From Perception to Planning: Evolving Ego-Centric Task-Oriented Spatiotemporal Reasoning via Curriculum Learning
Abstract
Modern vision-language models achieve strong performance in static perception, but remain limited in the complex spatiotemporal reasoning required for embodied, egocentric tasks. A major source of failure is their reliance on temporal priors learned from passive video data, which often leads to spatiotemporal hallucinations and poor generalization in dynamic environments. To address this, we present EgoTSR, a curriculum-based framework for learning task-oriented spatiotemporal reasoning. EgoTSR is built on the premise that embodied reasoning should evolve from explicit spatial understanding to internalized task-state assessment and finally to long-horizon planning. To support this paradigm, we construct EgoTSR-Data, a large-scale dataset comprising 46 million samples organized into three stages: Chain-of-Thought supervision for explicit reasoning, weakly supervised tagging for internalizing reasoning, and long-horizon sequences composed of orthogonal atomic subtasks.
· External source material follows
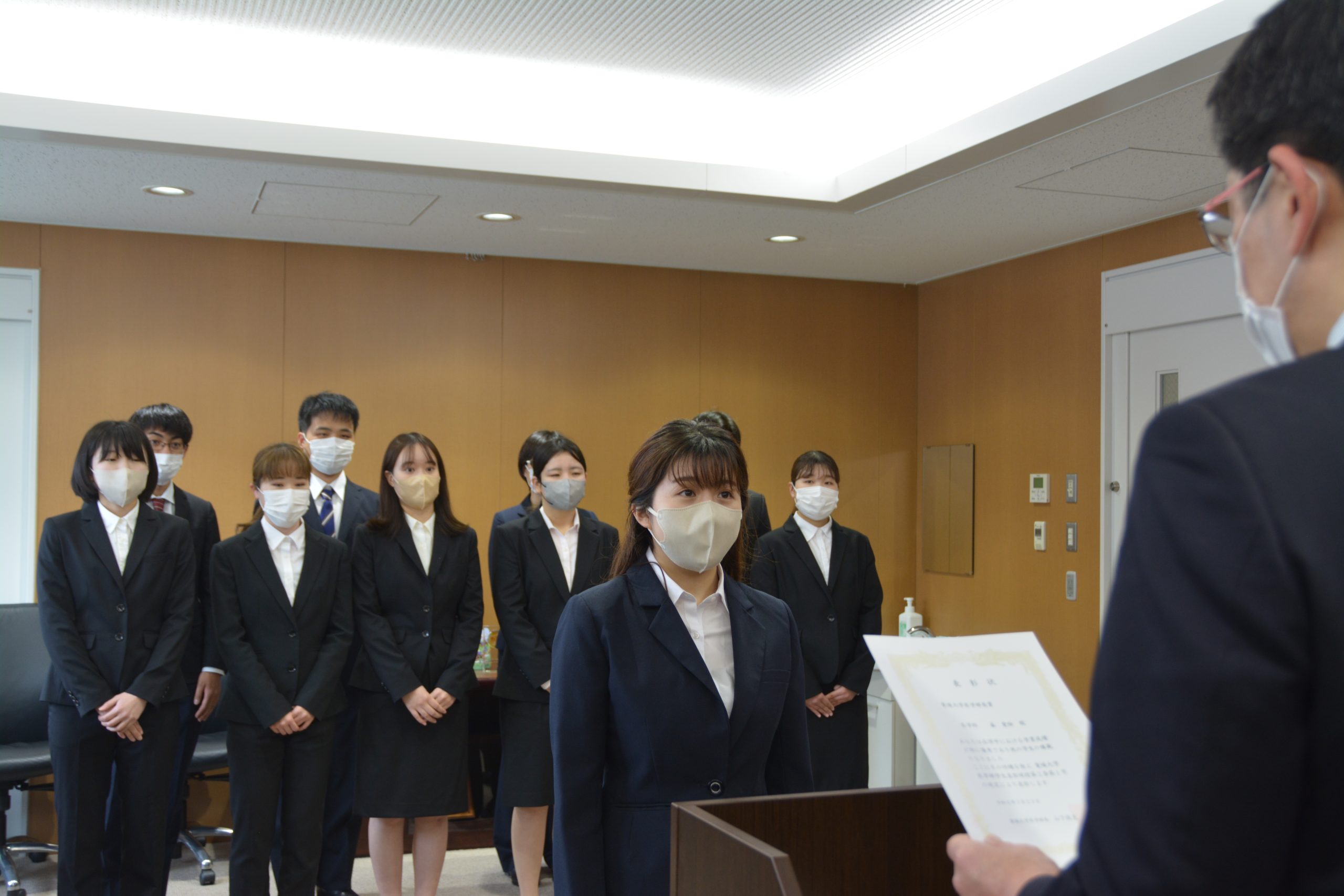 表彰後、山下政克医学部長から、「新型コロナウイルス感染症により様々な制限があった中での今回の受賞に至るまでの努力は自信になり、その自信は今後の人生でどんな分野でも必ず役に立つ。是非これからも努力を続けてほしい。」と、期待を込めた激励がありました。

We further introduce a Reasoning-Enhanced Task Decomposition mechanism that explicitly models causal dependencies between actions and objects, enabling controllable planning from high-level task descriptions. To rigorously validate our approach, we establish a Dual-Level Evaluation Framework that covers both atomic spatial perception and logical planning. Extensive experiments demonstrate that EgoTSR effectively eliminates chronological biases, achieving 92.4% accuracy on long-horizon logical reasoning tasks while maintaining 88.2% fine-grained perceptual precision, significantly outperforming existing open-source and closed-source state-of-the-art models.